= James O. Mills =

James Olan Mills, also known as Jay Mills, is an American archaeologist primarily known for his work in paleopathology and the excavations at Nekhen (Hierakonpolis), the capital of Upper Egypt in the late 4th millennium BC, ancient Egypt's Protodynastic Period.

==Life==
Mills received his BA from Vanderbilt University in 1984. He was a professor with the Department of Anthropology at the University of Florida, with a particular focus on Egyptology, paleopathology, and the importance of beer and bread in ancient Egyptian culture and health.

He served as codirector of the Egyptian Studies Association at the University of South Carolina and worked with its excavations in Nekhen, participating under Michael Hoffman in 1985–6 and directing them in 1987–8 and the early 1990s with Walter Fairservis, and returning in the late 1990s under Barbara Adams and Renée Friedman. In 1986, together with Ahmed Irawy Radwan, he discovered and studied a petroglyph which possibly preserves a predynastic record of the solstices which influenced the development of the 365-day Egyptian civil calendar.

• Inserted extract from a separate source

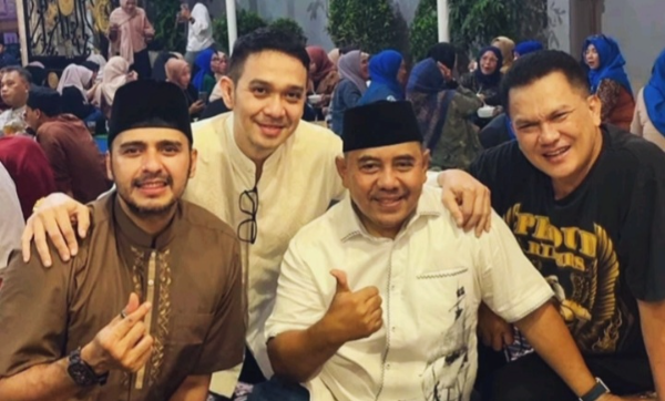 Ketua DPC PAN Bekasi Utara yang juga calon Ketua DPD PAN Kota Bekasi, Lukman Hakim bersama artis Ali Zainal, Fadlan dan Wan Afok dan para ketua DPC PAN se Kota Bekasi di acara Bukber, Rabu (18/3/2026).

He also assisted with the archaeological survey during the establishment of Old Santee Canal Park near Charleston, South Carolina.

==Works==
- Mills, James Olan (1986). "An Archaeological Reconnaissance Survey of the Proposed Santee Canal Sanctuary, Berkeley County, South Carolina" (with Tommy Charles).
- Mills, James Olan (1988). "Nekhen News".
- Mills, James Olan (1990). "Astronomy at Hierakonpolis".
- Mills, James Olan (1992). "The Followers of Horus".
- Mills, James Olan (1993). "Biological Anthropology and the Study of Ancient Egypt" (with George J. Armelagos).
- Mills, James Olan (1993). "Environmental Change and Human Culture in the Nile Basin and Northern Africa until the Second Millennium BC".
- Mills, James Olan (1999). "Encyclopedia of the Archaeology of Ancient Egypt" (with George J. Armelagos).